If you use due diligence to make sure that the eintire inside of the cabinet is covered and protected from the humidity that it will see then you *should* stand a failry good chance of the cabinet holding up.


It could be done but make sure you do all of you homework first.

Oh and I would skip the water features on this one..


----------



## Open_cages (Jan 26, 2013)

I could paint it with epoxy and it would be completely watertight, right?


----------



## DaveJ (Jan 10, 2013)

That looks to me like an old kitchen press ?

If so it will most likely have many pre drilled holes in it for shelf supports. You would need to fill all of these before even thinking about waterproofing. Even think about where the front door hinges are mounted to the press as these holes will be inside and a point for moisture to gain access.

I used a similar press many years ago for a Gecko and it worked pretty well. But it wasn't planted and wouldn't have had a very high humidity need.

Silicone everywhere !! Especially seams, and then when dry silicone a little more. Make sure that you put in a high enough front wall/lip inside the doors and make sure there is a snug fit between the doors and this wall when closed as if not it can be an escape route for bugs and soil if planted especially if you house anything in there.
You'll have to drill holes for cables too, so do this before you start to seal in the cables etc..


----------



## kev_n_gina (Jan 21, 2013)

epoxy piant is pretty expensive (and ugly IMHO) but that would indeed seal it. I think you will need to follow the direction REALLY close tomake sure you surface preperation is right before trying to paint the slick paint already on.

DaveJ brings up a good point that the doors and geting a good tight seal may be an issue with the fruit flies. You may have to do some sort of "weather strip around the egdes and then a simple door over lap for the middle seam.


----------



## patm (Mar 21, 2004)

I can't help but think by the time you finish up all the mods to POSSIBLY make this thing water tight and frogproof, you may end up spending more money than just buying a custom glass viv.

-Pat


----------



## Open_cages (Jan 26, 2013)

I wonder if it would be possible to attach pond liner to all wooden surfaces and then make the background over it? This would be much easier, and would look better (as well as being a bit cheaper).

And although a glass viv would probably be cheaper and easier, this would look sick.


----------



## patm (Mar 21, 2004)

Open_cages said:


> I wonder if it would be possible to attach pond liner to all wooden surfaces and then make the background over it? This would be much easier, and would look better (as well as being a bit cheaper).
> 
> And although a glass viv would probably be cheaper and easier, this would look sick.

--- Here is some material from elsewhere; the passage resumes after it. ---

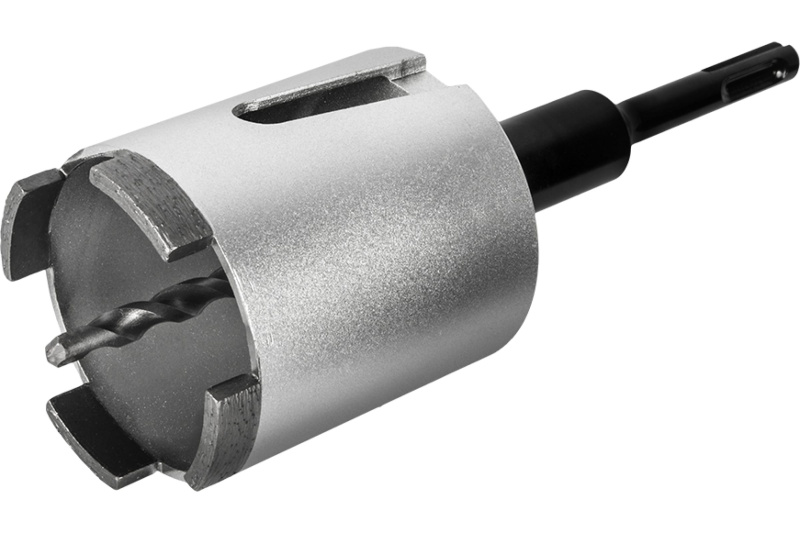 Охлаждение водой увеличивает ресурс. Оснащена центрирующим сверлом 6.5 мм и хвостовиком SDS Plus.

I would have a couple major concerns. First, if this is indeed particle board/melamine, I'd be concerned about it holding the weight of backgrounds, water logged substrates, etc. Second, you'd have to find a way to attach pond liner without even a pinhole that would allow water through. I'd be afraid that any seam, or anywhere you had to tack it to the board would be a liability for leakage. I wouldn't be confident that siliconing over a seam or tack would hold long term.

-Pat


----------